Originally, it took more than 1 GPU-week to train a single static scene. After multiple rounds of algorithmic optimizations, it's now practical to train & render whole city blocks, as seen in the Waymo demo.

The best part of it, is the answer to the classic question: "how many polygons?". Because the answer is zero.

"An intern"

So this is a speculative side project that isn't integrated into the main flow of work going on at Waymo. That suggests to me that there isn't anything as technical and forward thinking as this going on in the core teams. If they did they would show it off because clearly anything flashy they are quite eager to show off.

They appear to be building trains with wheels, pretty uninspiring.

The intern in question is Matthew Tancik, who is one of the primary driving forces behind Neural Radiance Fields. It is one of those cases, where the employer (Waymo) is lucky to have such an intern.

I can't comment on the second part of the message, because I don't know what I am allowed to say (I work for Google, but not Waymo).

As a PhD student alongside Matt, it’s not any intern.
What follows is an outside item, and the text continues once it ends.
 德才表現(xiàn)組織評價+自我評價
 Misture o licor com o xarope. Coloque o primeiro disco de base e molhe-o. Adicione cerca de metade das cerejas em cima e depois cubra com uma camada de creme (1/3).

Ph.D. internships are much more scoped to specific lines of work and are a way to potentially fund promising researchers for the long term.

In fact, Berkeley AI Research has a built-in way for companies to fund BAIR research and to bring on BAIR Ph.D. students as interns: https://bcommons.berkeley.edu/home

Hey, I used to go to that AMC theater!

NeRF is one of the big "holy sh*t" moments for me in recent years. I've always thought using polygons as our only way to represent non-trivial 3d shapes felt awfully inelegant, like using raster images instead of vector graphics.
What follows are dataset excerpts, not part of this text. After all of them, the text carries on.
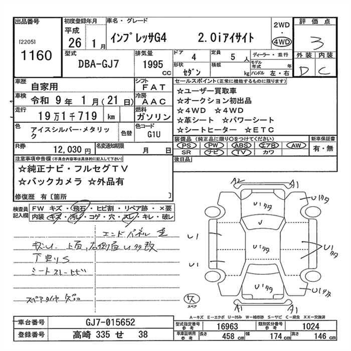 SUBARU IMPREZA G4 - лот 1160
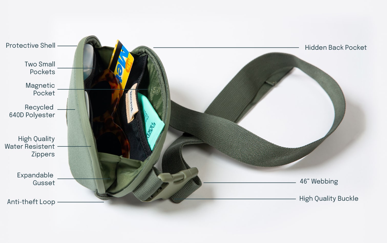 Smart Organization: 2 small pockets, one large magnetic pocket, and one discreet back pocket.
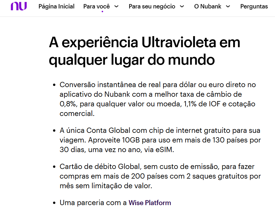 Além disso, é possível pedir o Nubank Ultravioleta diretamente pelo site do Nubank.
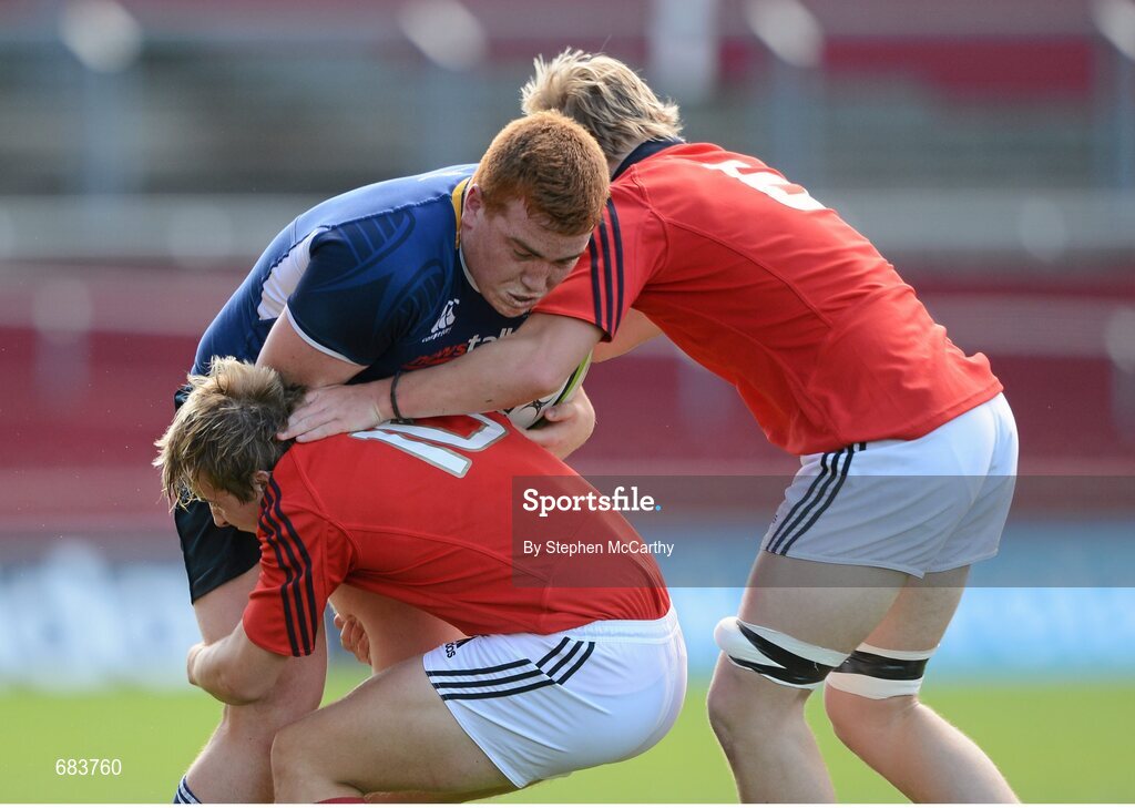 12 September 2012; Oisin Heffernan, Leinster, is tackled by Gearoid Lyons, left, and Morgan Carey, Munster. Under 18 Schools Interprovincial, Munster v Leinster, Thomond Park, Limerick. Picture credit: Stephen McCarthy / SPORTSFILE
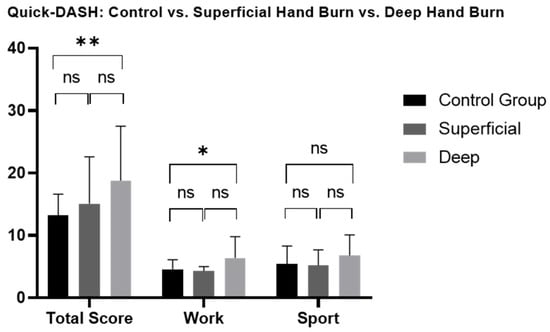 APA StyleWatzinger, N., Hecker, A., Petschnig, D., Tran, J., Glantschnig, C., Moshammer, M., Pignet, A.-L., Ellersdorfer, A.-M., & Kamolz, L.-P. (2024). Long-Term Functional Outcomes after Hand Burns: A Monocentric Controlled Cohort Study. Journal of Clinical Medicine, 13(12), 3509. https://doi.org/10.3390/jcm13123509
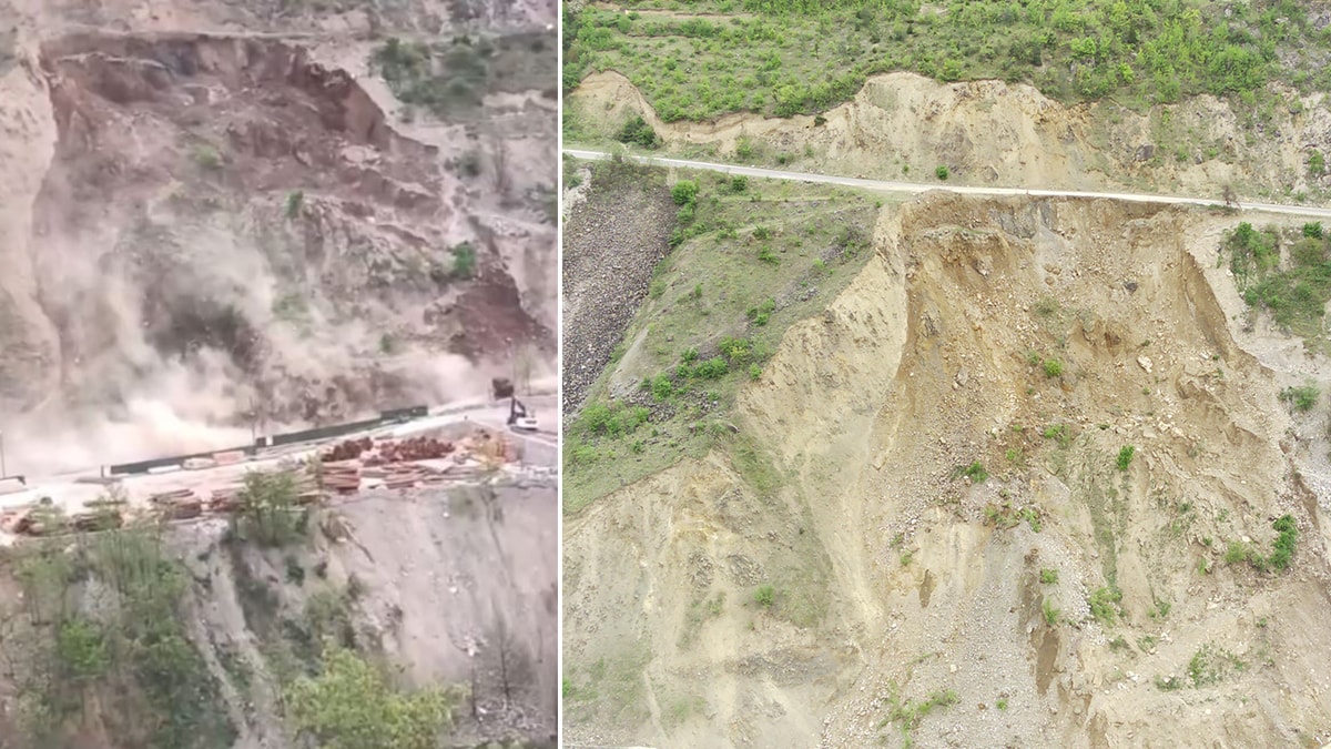 Görüntülerde; önce toz çıktığı görülen yamaçta saniyeler içinde tonlarca toprak kütlesinin hareketlenip kara yoluna aktığı, etrafı kaplayan tozun açılması sonrası yamaçta çukur oluştuğu yer alırken, bu anları kayda alan kadının panik yaşadığı, çocukların da ağladığı duyuluyor.

Definitely recommend checking out the HN discussion of the original NeRF paper[0]

[0] https://news.ycombinator.com/item?id=22637721

> If you give it a bunch of photos of a scene from different angles, this machine learning method lets you see angles that did not exist in the original set.
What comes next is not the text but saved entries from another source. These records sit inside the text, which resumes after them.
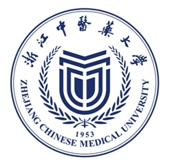 以国际流行的盾形为基本形,寓意走向世界,符合建设具有特色优势的教学研究型大学奋斗目标。盾牌中心的“中”字体现了学校办学的中医药特色;“中”字外延的双手爱心图案,体现学校“学生为本”的办学理念;围绕“中”字周围的“C、M、U”字是“Chinese Medical University”的首字母。盾牌顶端图形像翻开的书本,体现了学校的属性,又像是一双展开的翅膀,象征放飞梦想,蓄势腾飞,体现学校“学术至上”的办学理念。外围“远志叶”、下方为“本”字,寓意“求本远志”校训,也寓意美好愿望的实现。1953是指学校创建时间。标志以蓝色为基调,象征钱塘潮,代表学校的地域属性。
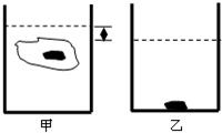 (2010?咸宁)某冰块中有一小石块,冰和石块的总质量是55g,将它们放在盛有水的圆柱形容器中恰好悬浮于水中(如图甲所示).当冰全部熔化后,容器里的水面下降了0.5cm(如图乙所示)
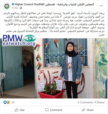 Posted text: “‘I planted roses with the names of “the freedom tunnel” prisoners (i.e., 6 terrorist prisoners who temporarily escaped Gilboa Prison; see note below) and made a painting that expresses their suffering so that we will convey their message in spite of the chains and the prison cells,’ says 12-year-old Maryam Aweis from the Jenin [refugee] camp, and adds, ‘I am participating in the summer camp for the first time, there I learned the symbolism of the [Palestinian] anthem Fida’i (i.e., “Self-Sacrificing Fighter,” see note below for full lyrics) and the traits of the self-sacrificing fighter, the meanings of the keffiyeh (Arab headdress) [and] the flag of Palestine, I got to know my people’s heritage from up close, I improved my skills in painting and combining colors, and I am going to develop my painting skills, because art is one of the types of ideological resistance.’ Maryam is participating in the ‘Martyrs’ Camp’ summer camp, which is organized by the Women’s Activism Center in the Jenin camp.”

Yeah wasn't sure what I was seeing.

Imagine matching the output of the block nerf + GPS data combined with a live camera view to get ultra-high positioning precision... Or to use changes over time in 2 views to detect anomalies or maintenance heuristics... So many potentially interesting use cases
I wish a day comes when the compute at inference is more optimized than the raw camera sensor processing

Is this too much to ask for? :/

What is the size of the model in question?

UPD: found in arxiv: 0.25M parameters (e.g. ~1MB) per block; demo video used 16 blocks, so 16MB total for Mission Bay.